1. Can you describe the workflow in two sentences?

We ask the operator, not the executive sponsor, the person who actually does the work today, to describe the workflow the agent will take over. Two sentences. Subject, verb, object. Trigger, action, outcome. If they can do it, we keep talking. If the description runs to a paragraph, we stop and rescope.

A national insurer asked us last year for a claims-triage agent. The head of operations gave us a clean two-line brief in the first email. Then we got on a call with the team leader who runs the triage desk in Leeds. Her description ran for four minutes. It depended on whether the claim was motor or property, whether the policy was direct or broker-introduced, whether the customer had a prior claim in the last eighteen months, whether the damage estimate sat above or below the underwriter referral threshold, and whether the loss adjuster had already been instructed. That is not one workflow. It is at least six, with branches she had internalised so thoroughly she no longer noticed them. Six workflows means six integration surfaces, six sets of edge cases, six places where the agent's behaviour has to be specified, audited, and reversed. Six workflows is a programme of work, not a build.
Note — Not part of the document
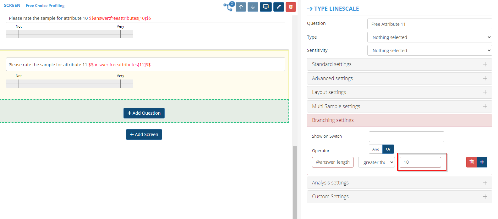 You can specify a particular condition for which the line scale will only appear in the branching settings. In this example we are asking the software to show the line scale for attribute 11 only when the panelist have generated a list of word which include a number of words higher than 10.

Most agent ideas that fail at this question were never agent ideas. They were unspecified workflows in an AI hat. The team had been carrying the branching logic in their heads for years and assumed any sufficiently clever model would carry it too. Models do not carry institutional context. They carry whatever you put in the prompt and the tools you give them. If the workflow is not specifiable in two sentences, it is not specifiable in a prompt either.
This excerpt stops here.